Asked about the issue of AIDS in Africa, Natsios insisted that it would be wasteful for the U.S. to devote money to supplying life-saving drugs to those already infected with HIV--even though the so-called "drug cocktails" can stop the progress of the disease.

What is Natsios worried about?

Many Africans "don't know what Western time is," he told the Globe. "You have to take these drugs a certain number of hours each day, or they don't work.

"Many people in Africa have never seen a clock or a watch their entire lives. And if you say, one o'clock in the afternoon, they don't know what you're talking about."

In other words, Africans are just too ignorant to be given the drugs they need to survive.
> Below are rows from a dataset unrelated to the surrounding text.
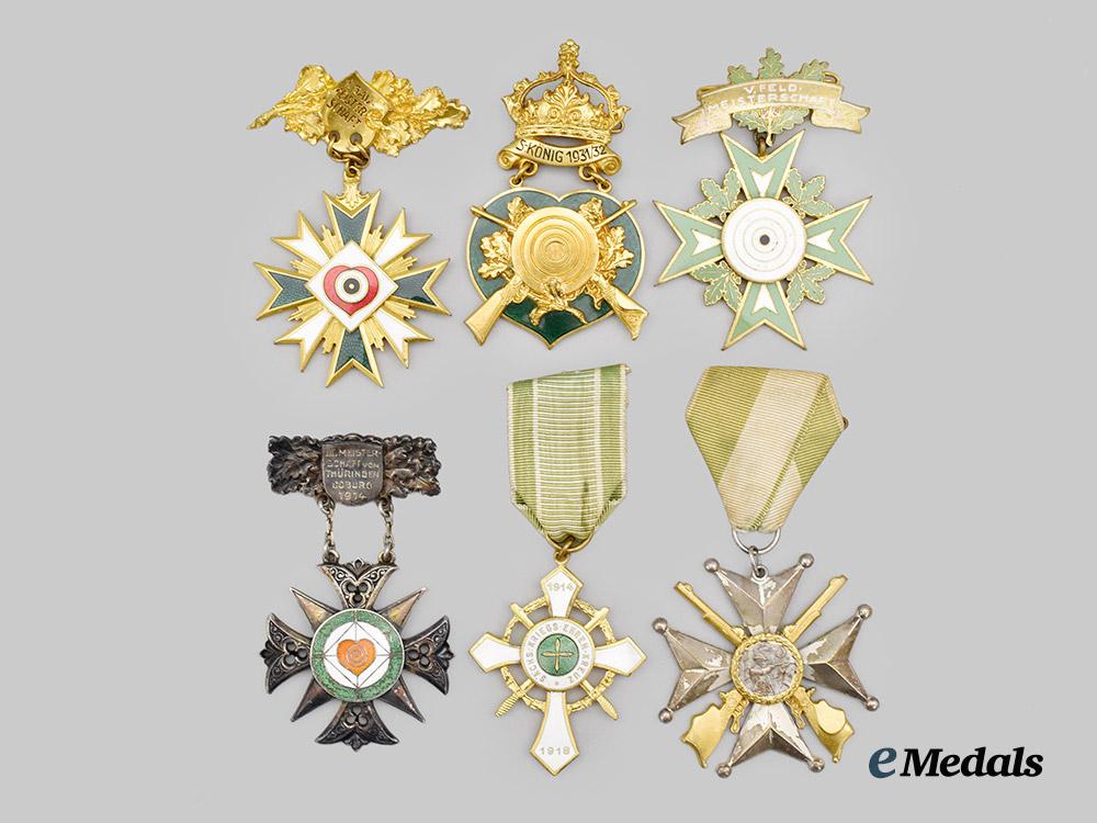 A lot of six Imperial German marksmanship awards, constructed of silver, bronze and enamels, in varying sizes, in fine to very fine condition.
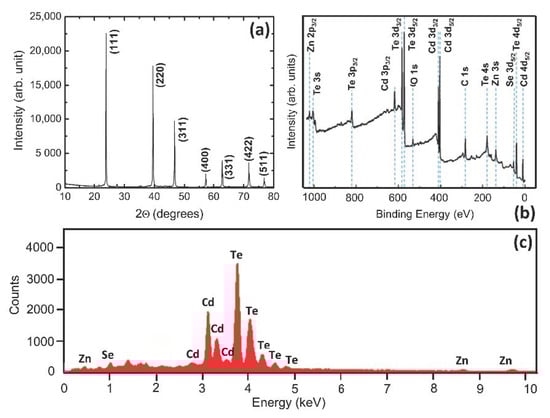 Powder X-ray diffractogram (a) survey scan using XPS (b) and EDX scan. (Adapted with permission from ref. [49]. Copyright 2021, IEEE) (c) of Cd0.9Zn0.1Te0.97Se0.03 grown using a VBM growth at UofSC.
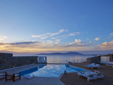 The Executive Villa provides a panoramic view of the island from Thira and Thirassia, to Akrotiri and Oia and of course the volcano and the most beautiful sunset in the world.
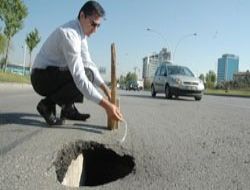 ANADOLU Bulvarı ODTÜ köprüsü altında meydana gelen göçük, sürücülerin zor anlar yaşamasına neden oldu.
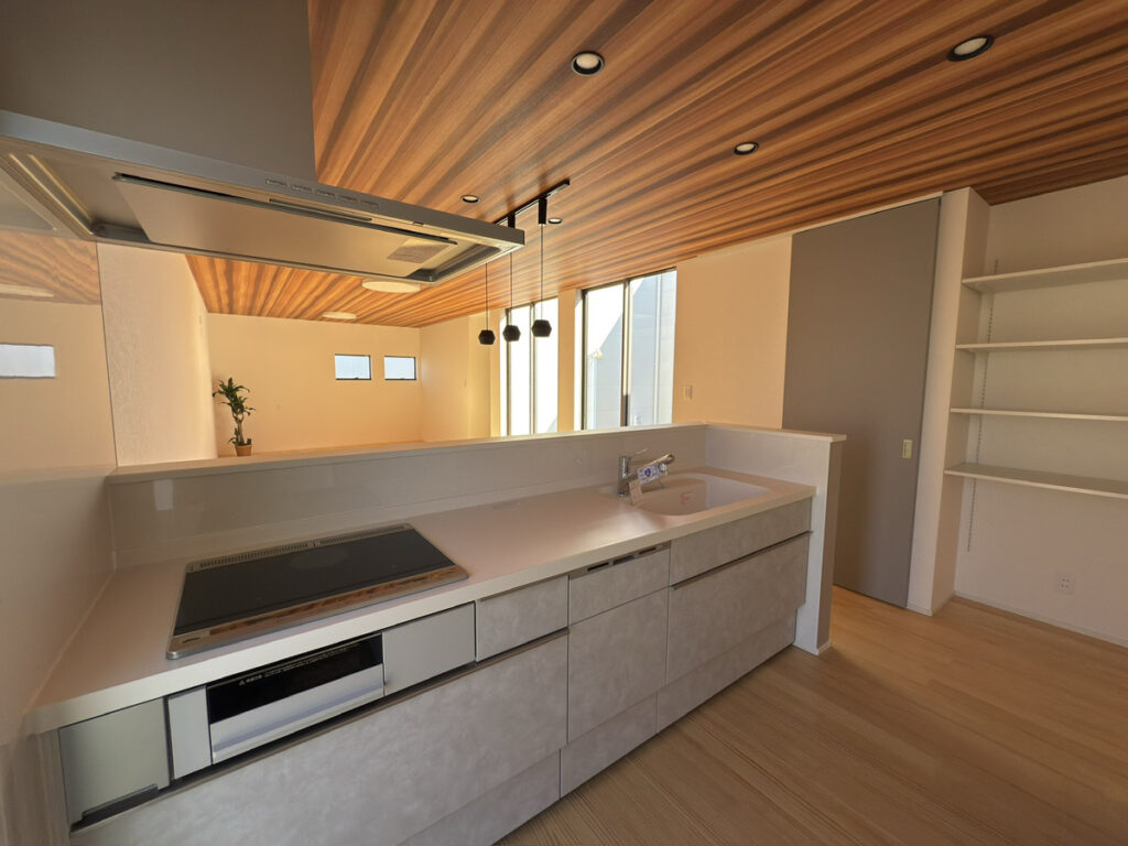 料理をしながら中庭の子どもに視線が届く安心設計。 パントリー付きで収納力も抜群。
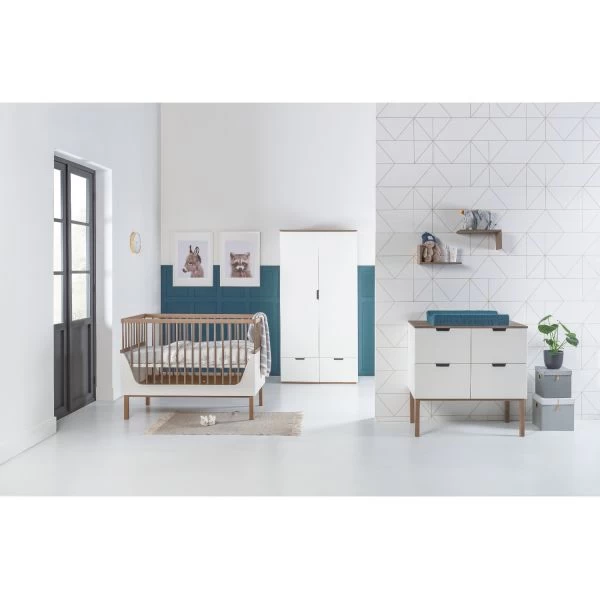 De Kidsmill Sepp Commode biedt met vier lades genoeg ruimte voor het opbergen van diverse spulletjes zoals verzorgingsproducten en luiers. De handgrepen van de commode zijn als openingen in de ladefronten gemaakt en zorgen voor een speels effect. Doordat de lades zijn voorzien van soft closing kun je de lades geruisloos sluiten. De commode is gemaakt van stevig materiaal en voldoet aan de Europese veiligheidseisen. Het commodeblad biedt genoeg ruimte om je kindje te verschonen of te wassen. Met behulp van de apart verkrijgbare bladvergroter is het mogelijk om het werkblad van de commode te vergroten. De Kidsmill Sepp Commode is uitstekend te combineren met andere meubels van de Sepp serie.
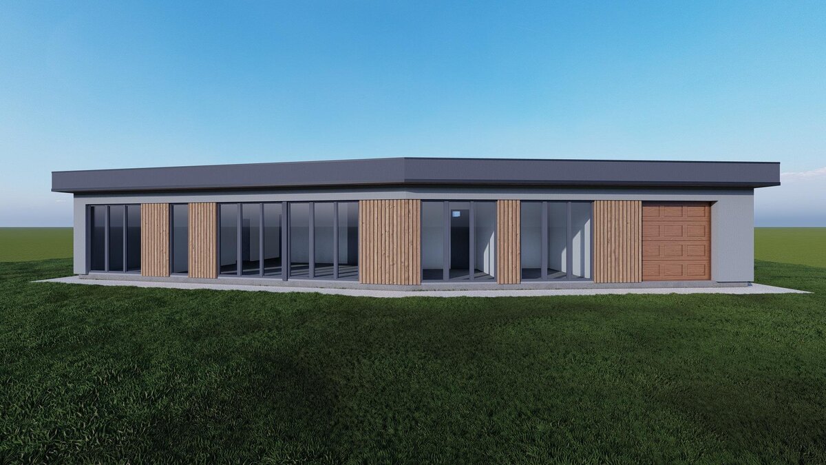 - Современный фасад сочетает штукатурку светлых тонов с серыми акцентами и элегантными вставками планкена
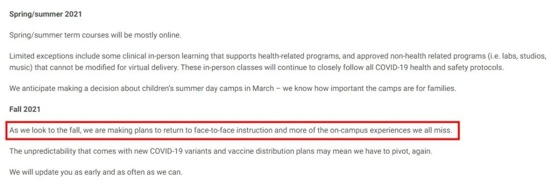 称2021年秋季学期有望恢复部分
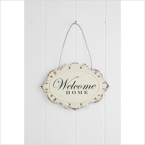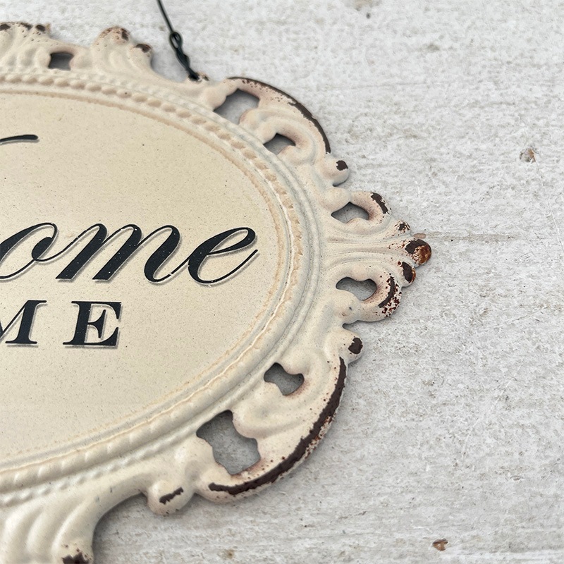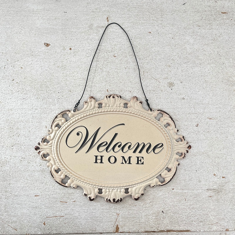 アイボリーのベースに「Welcome HOME」の文字が映え、玄関まわりを明るく彩ります。
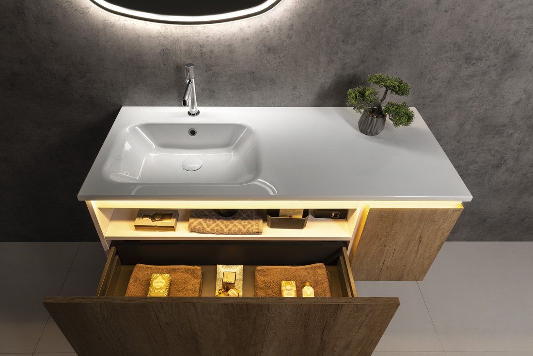 LOREA Schrank mit Waschbecken 101x46x51,5cm (70+30cm), links, Eiche Alabama/weiß matt

Natsios isn't even correct by his own racist terms.

Toby Kasper, an official with the health organization Doctors Without Borders, told New York Times columnist Bob Herbert that the latest trend in drug cocktails is fewer pills, taken just twice a day.

But Natsios can't be interested anyway.

He told the Globe that his strategy is to "just keep talking about prevention."

In other words, just say no to AIDS.

Only a drug company executive could love this man. They prefer that their AIDS drugs not be distributed in Africa--so they can be used somewhere else to pump up the bottom line.